Aussie expat Ben Yabsley: Jack White and mastering the art of creative fulfillment

Photo Sep 16, 1 43 31 PM.jpgBy Aussie expat Ben Yabsley (left), ex-The Monkeys and M&C Saatchi, now a senior copywriter at Anomaly, New York.

There's a story about Jack White that pops into my mind whenever things are getting tough at work. I read somewhere that he likes to make things hard for himself when he's on stage. He likes to set his equipment up just a little out of reach. It means he has to strain to get back to the microphone in time for the chorus, and you can hear that tension in his voice. It's what gives him his trademark, strangled tone.
Creative departments are no strangers to tension. Jack White has to construct it, but we're in no short supply of the stuff. Our job is to bring about change. And when we run into obstacles that hinder our ability to bring about this change, it creates tension. How you deal with that tension determines the success of your creative career, and your overall creative fulfillment.

So, no biggie.    

So how do we manage this stressful but necessary evil? How can we ensure that tension doesn't ultimately undermine our creative pursuits... or lead us to become raging alcoholics?
180626_JW_London-74-web.jpgWe can't just give up on having goals. We can't just retreat to a cave, meditate, and accept the world as it is. The very nature of our job requires us to be dissatisfied with the status quo. Without change we are nothing. We need our goals. Without them we wouldn't have our shiny awards or things we can point at in our portfolios at job interviews.
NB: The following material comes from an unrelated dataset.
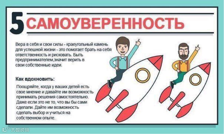 相信自己是成功的第一步。它能帮助孩子勇于承担责任勇于冒险。作为一名好的企业家,就是要相信自己的想法。
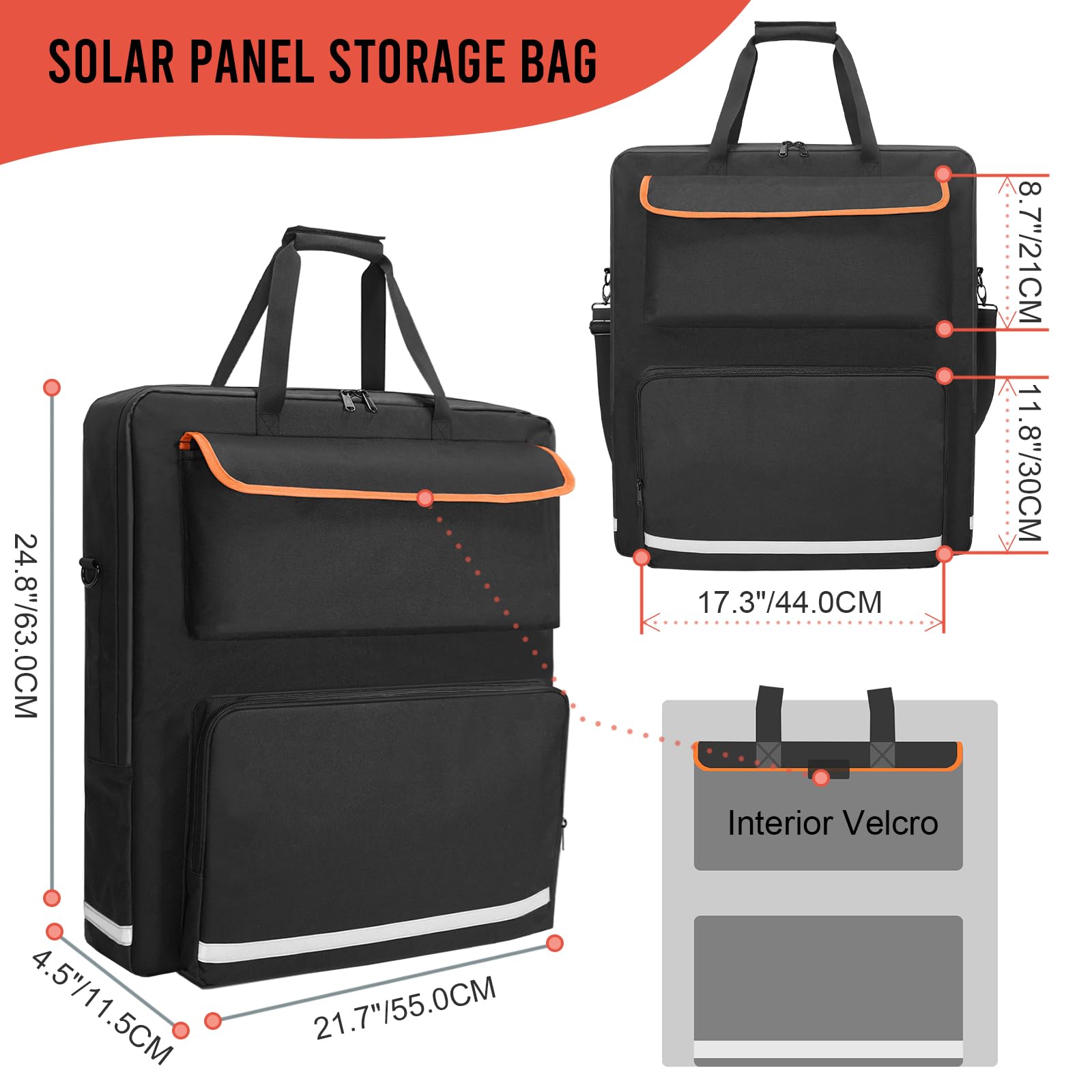 The bag measures 22 x 4.5 x 25 inches, accommodating most 60W and 100W foldable solar panels.

This creative tension, it seems, is inevitable. But if you're aware of the factors that create it, you can employ strategies to manage it. And when you've got your stress under control, you might just make it through to retirement with your health, family and sanity intact.

On the surface it might seem a little strange for an advertising professional to look to Buddhism for answers. How can a religion that is all about accepting the status quo be compatible with an industry that exists solely to burn it to the ground? Well... there's actually a bit of common ground, which can give us some valuable tools when it comes to managing creative tension.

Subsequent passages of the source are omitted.